Mevlevi is smoking another of his filthy Turkish cigarettes. Black tobacco bombs expelling rivers of blue smoke. His glass is full. Isn’t it always?

 

 

The raven-haired waif has insisted that Kaiser accompany her to her apartment. Who is he to deny? After all, it is only three blocks from the club, and the grand Mevlevi has given his benediction, a fraternal pat on the back and a sly wink that all would be taken care of at Little Maxim’s. The girl asks for a drink and points to the bar. Kaiser splashes liberal helpings of Scotch into two glasses. He knows he has drunk too much but is not sure if he cares. Perhaps recklessness becomes him. She puts the glass to his lips and he takes a sip. She swallows the rest in one fearsome gulp. She staggers and searches the folds of her handbag. Something is awry. An unpleasant cast crosses her features. Suddenly, she is smiling. The problem is resolved. An immaculate pile of white powder sits on the underside of a perfectly manicured fingernail. She sniffs and then offers the like to her evening’s companion. He shakes his head, but she insists. He bends forward and sniffs. “The white pony,” she giggles and offers him another pile.

The banker from Zurich is growing disoriented.
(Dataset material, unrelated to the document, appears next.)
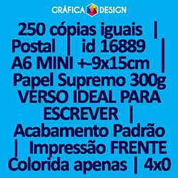 250 cópias iguais | Postal | id 16889 | 15x9cm A6 MINI +-4 dentro da Sulfite | Papel Supremo 300g VERSO IDEAL PARA ESCREVER | Impressão FRENTE Colorida apenas | 4x0 cores
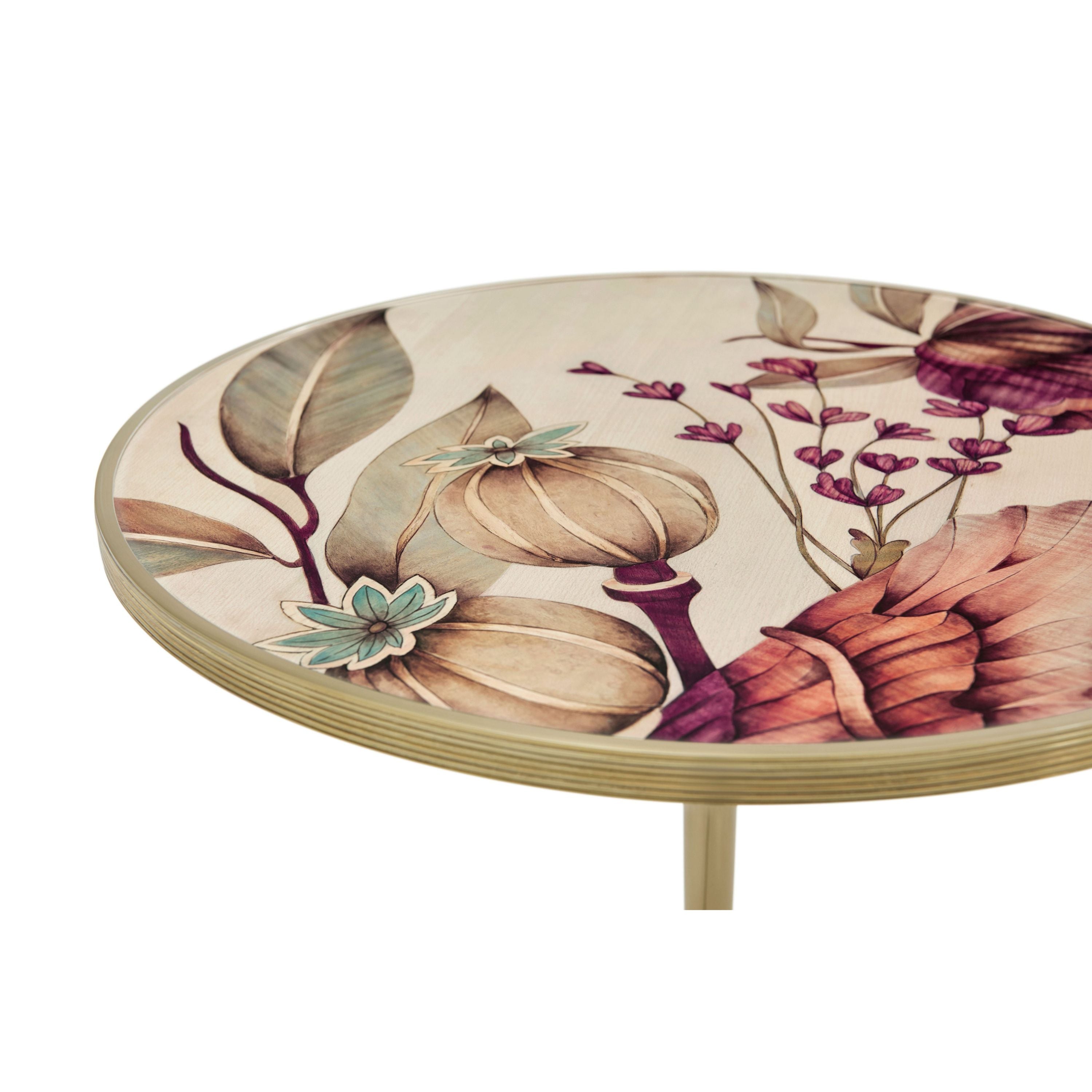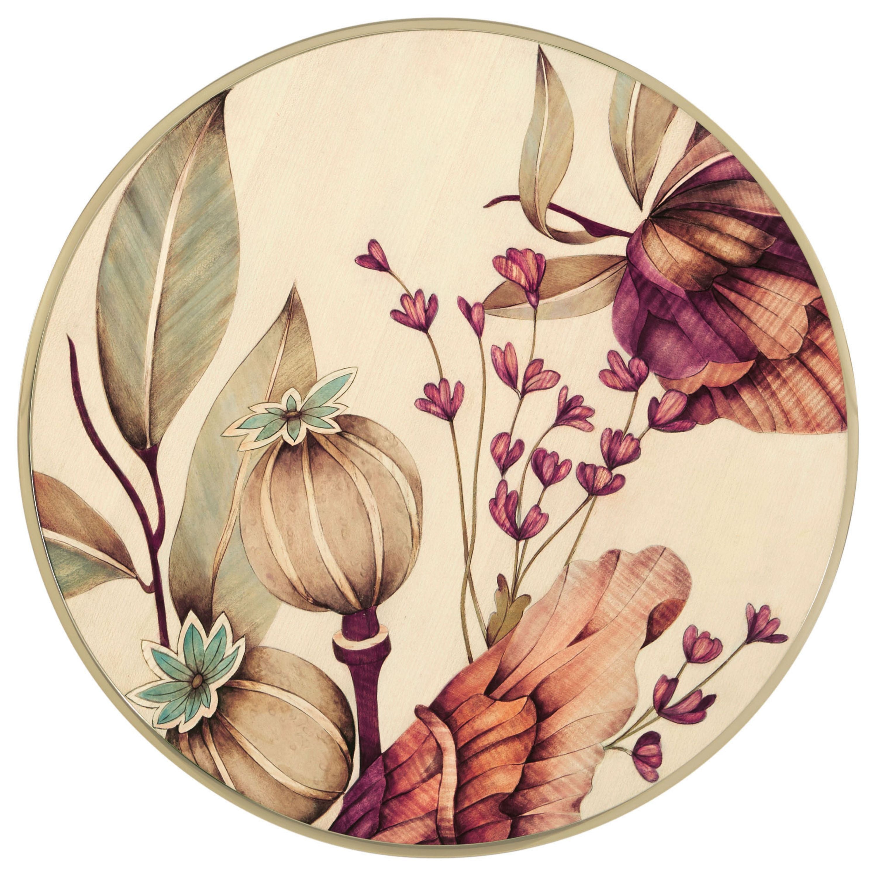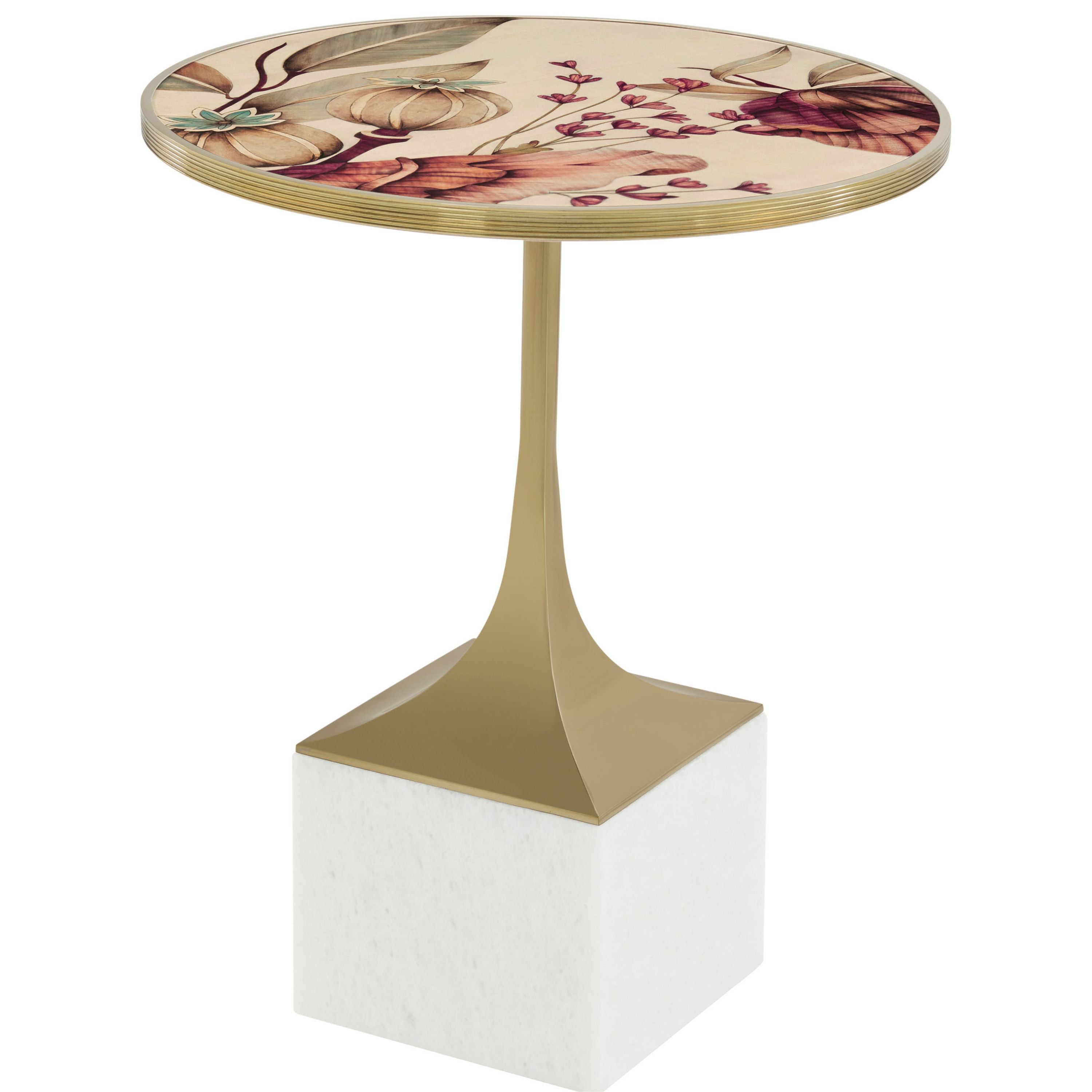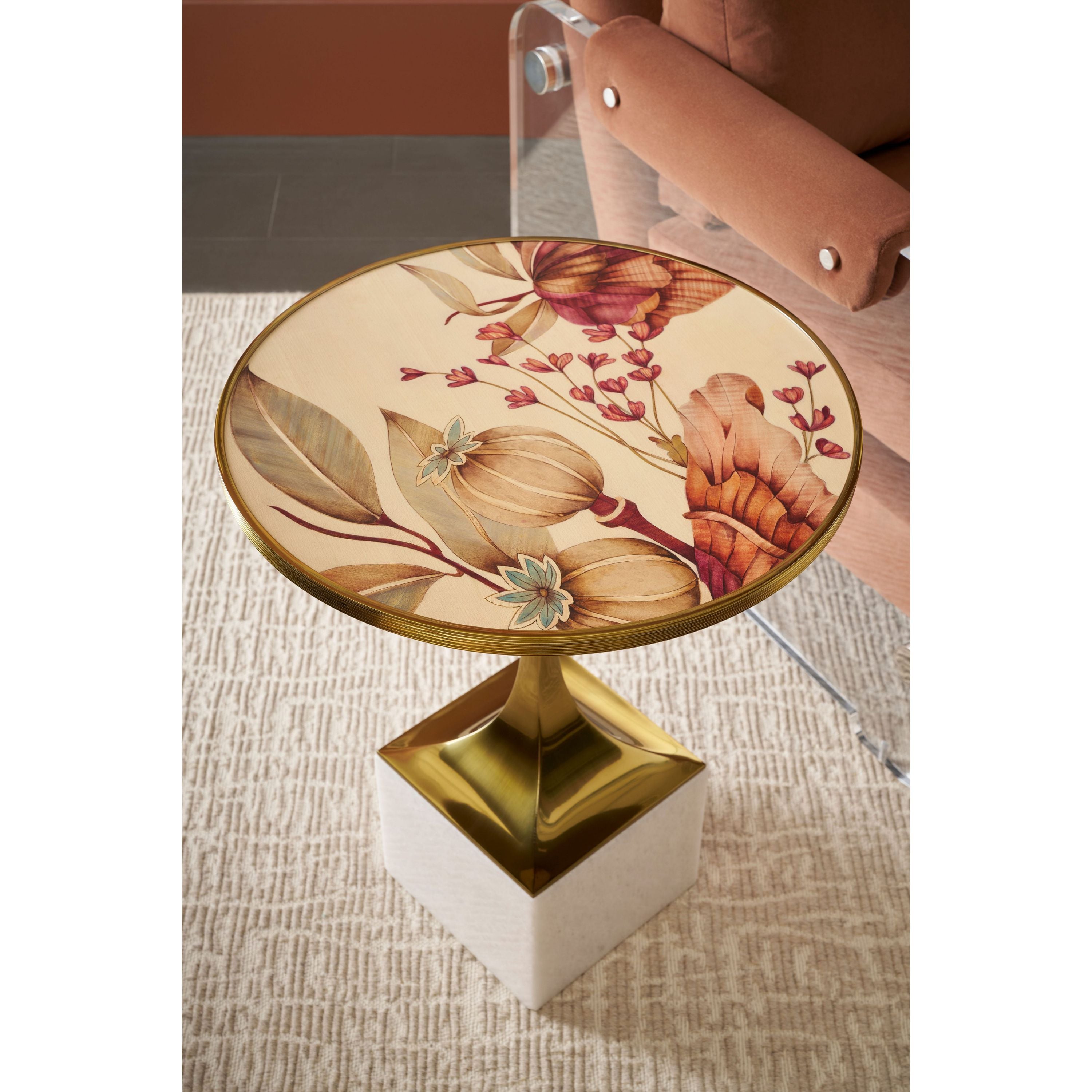 طاولة جانبية مزينة بباقة زهور تُضفي لمسةً فنيةً على الطاولة، مصنوعة من المعدن المصبوب يدويًا. سطحها مُطعّم بالقشرة. قاعدتها مطلية بالبرونز. يتميز الرخام بتنوعات طبيعية، وقد يختلف شكله من قطعة لأخرى.

He has never felt such a roar of blood through his veins. The pressure builds in his head, only to be replaced a moment later by relief. His chest tingles. Warmth suffuses his entire body. He wants only to sleep, but a greedy hand rouses him, its kneading grip drawing the heat from his chest to his loins. Through glazed eyes, he sees the lovely woman from Little Maxim’s undoing his pants and taking him into her mouth. He has never been harder. His vision blurs and he realizes he has forgotten her name. He opens his eyes to ask. She is before him, her dress peeled down to her waist. Her chest is flat, her nipples too small and pale and surrounded by tufts of black hair. Kaiser sits up, yells for this woman . . . for
this man
to stop, but another pair of hands holds him back. He struggles drunkenly, vainly. He neither sees nor feels the needle that enters the prominent blue vein running across the top of his shrunken left hand.

 

 

“If you’ll sign at the bottom of the paper, we can put this messy situation behind us.”

Ali Mevlevi hands Wolfgang Kaiser a receipt issued by the Beirut representative office of the United Swiss Bank for the sum of twenty million U.S. dollars. Where he has procured the official paper is a mystery. As is so much else.

Kaiser meticulously refolds his handkerchief and places it in his pocket before reaching forward to accept the document. He places the receipt on top of a stack of color photographs, eight by tens. Photographs of which he, Wolfgang Andreas Kaiser, is a prominent subject, one might even say the star. He and a horribly mutilated transvestite he has learned carried the name Rio.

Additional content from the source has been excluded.